Monday, August 3, 2009

Changing Fashions: Beyond the Fringe

Nerds across America recite Monty Python by rote, yet whole British comedy troupes of equal quality have been swallowed up by obscurity.

The names Dudley Moore and Peter Cook will still ring an enormous bell today to Baby Boomer movie lovers (to say nothing of famed playwright Alan Bennett or theater director Jonathan Miller), but the troupe they belonged to: Beyond the Fringe, has been consigned to the dustbin of comic obscurity. The reason is not hard to see - Beyond the Fringe played upon the assumption that its average audience member was literate beyond today's average Ivy Leaguer. Watching them today, it is rather difficult to believe that they thought their audience was anything but Oxford Dons. And yet they were the comic stars of early-60's Britain.

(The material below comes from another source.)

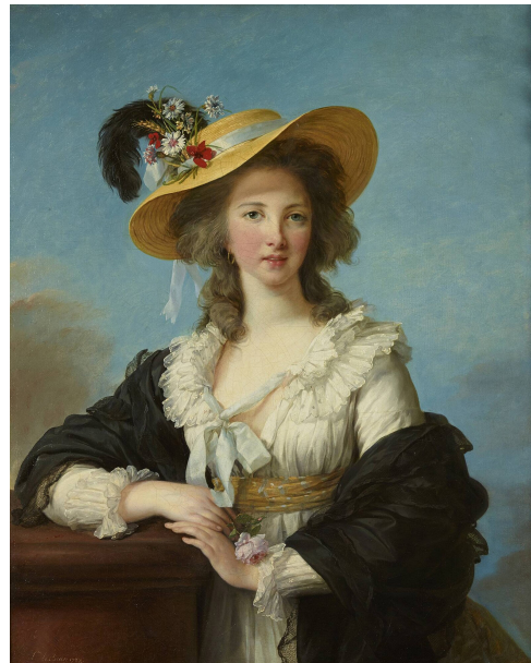
Yolande-Martine-Gabrielle de Polastron, Duchess of Polignac , Élisabeth Vigée Le Brun, 1782, oil on canvas

Consider the infamous above clip, in which a piano-playing Dudley Moore is stopped by Peter Cook in a Bobbie hat, who proceeds to discuss Moore's piano playing as if it were drunk driving, and all the while using 400-year-old Italian musical terminology to describe it. It is utterly brilliant in an utterly obscure way.

Or consider the below clip, in which Dudley Moore not plays the piano in pitch-perfect imitations of Benjamin Britten and Kurt Weill, but also sings in pitch-perfect imitations of Peter Pears and Lotte Lenya. Clips like this made Dudley Moore the biggest name in England for a time, and yet how many people even know who Peter Pears is today?

So what can we do today to make Dudley Moore funny again?